WHAT THE TASK REQUIRES
Starting with the line that holds "Some of the", repeat each line through the last one below, exactly. Pictures stay out.

++++ DATASET EXCERPTS ++++

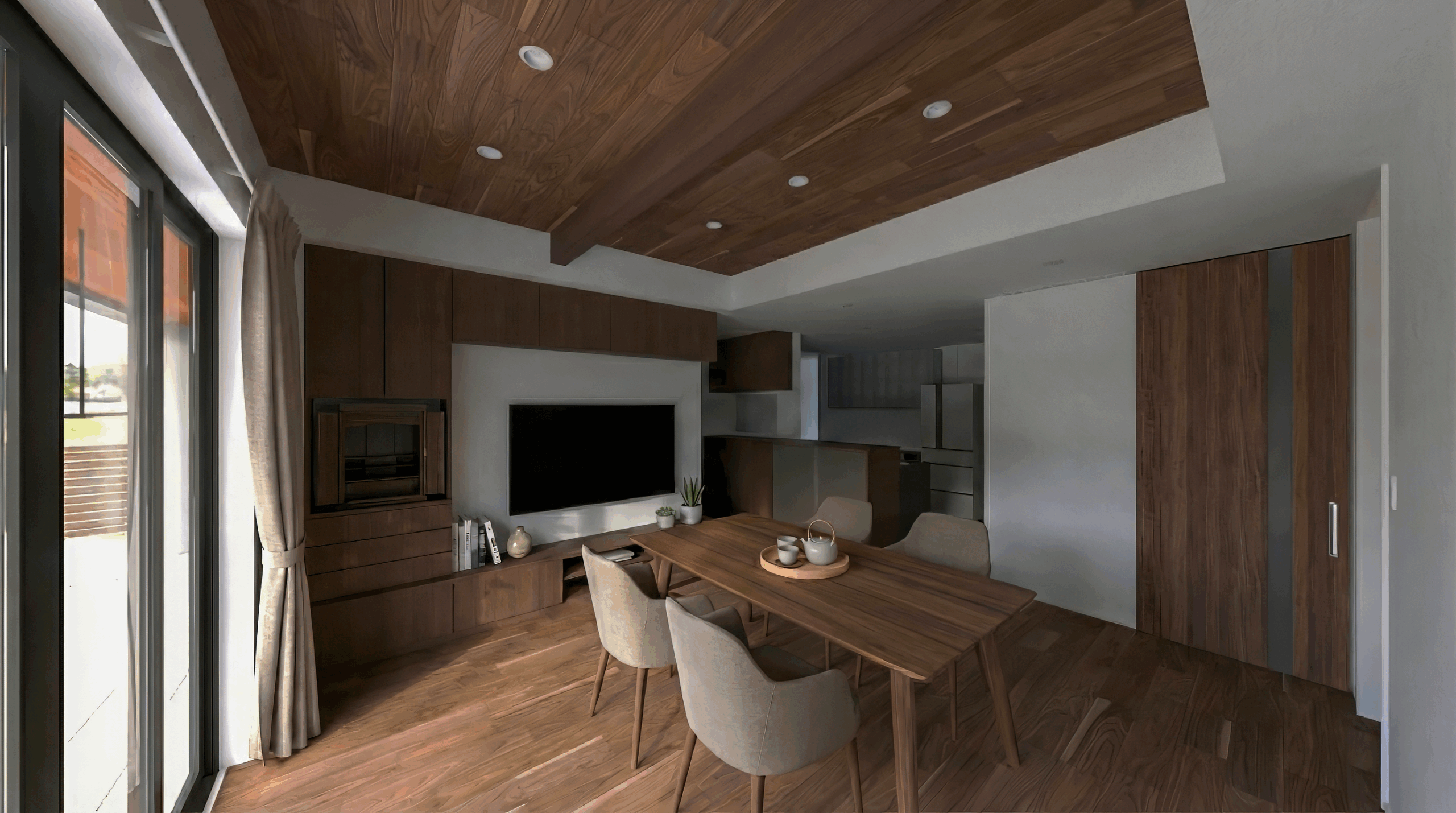 床や建具、天井の羽目板にはウォールナットの色味を採用し、全体を落ち着いた濃いトーンで統一。
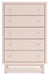 Pretty in pink. This chest of drawers keeps the spirit of your home’s modern aesthetic while suiting all your young one’s needs. Its subtle blush finish brings a playful, charming vibe to organizing clothes and other essentials. Made for her and styled for you, it’s a lovely addition to a beautifully chic child’s bedroom.
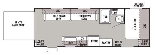 As you enter the cargo area you will notice the 69" x 74" ramp door, LCD TV mount in the corner, and two fold down sofas. On the opposite side there is a large kitchen sink, three burner range, microwave, refrigerator, and large pantry. Next to the pantry you will find a LCD TV mount.
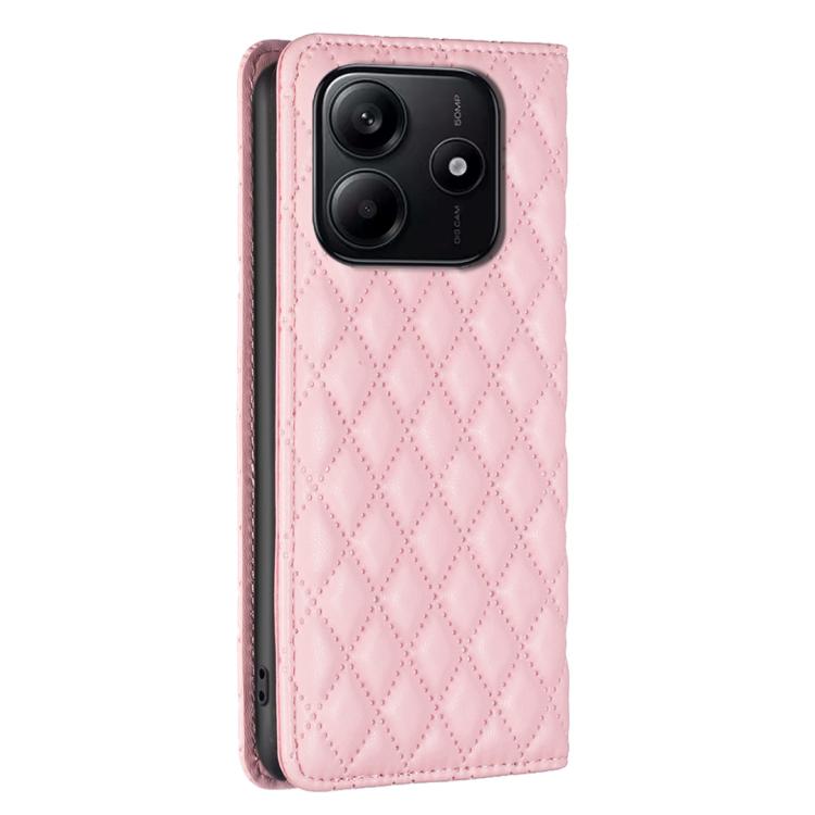 Funda de Cuero Magnética con Tapa Tipo Cartera para Redmi Note 14 4G con Diseño de Entramado de Diamantes (Rosa)
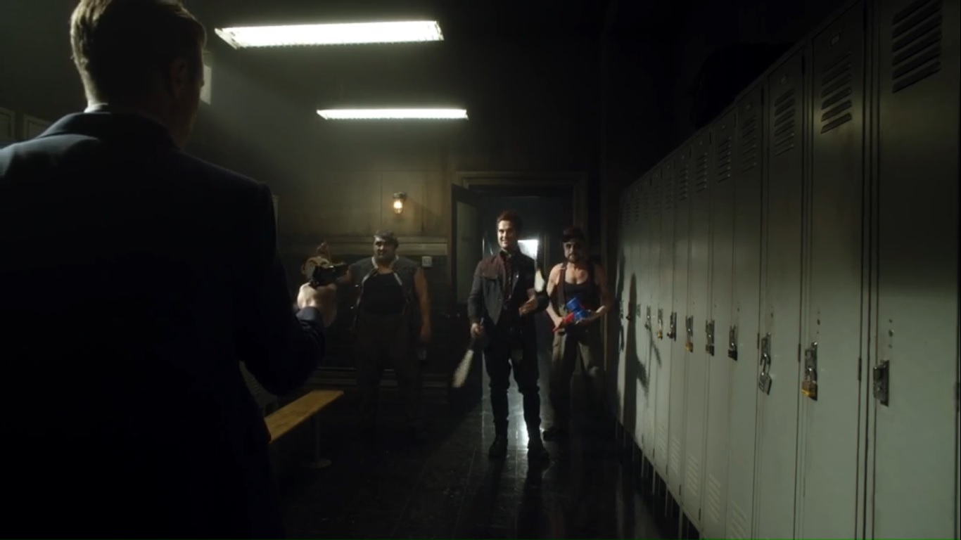 Some of the mob corners Jim in the locker room, ready to carve him up, but they’re immediately subdued by Harvey, who has arrived with Harper.
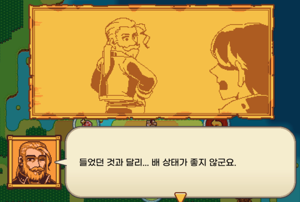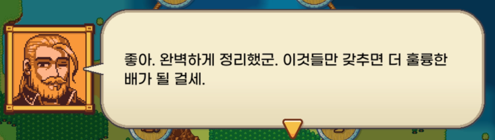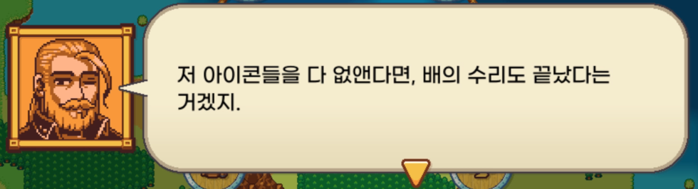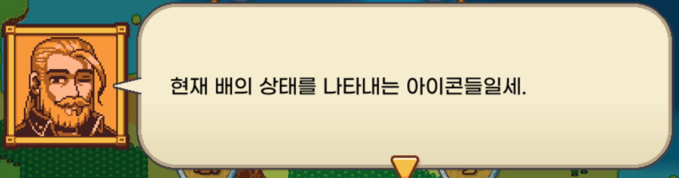 수리에 필요한 아이템을 시장에서 구매할 때마다 아이콘이 사라지고 선박의 기능이 정상으로 돌아오는 시스템

++++

RESPONSE AREA
 Some of the mob corners Jim in the locker room, ready to carve him up, but they’re immediately subdued by Harvey, who has arrived with Harper.
 수리에 필요한 아이템을 시장에서 구매할 때마다 아이콘이 사라지고 선박의 기능이 정상으로 돌아오는 시스템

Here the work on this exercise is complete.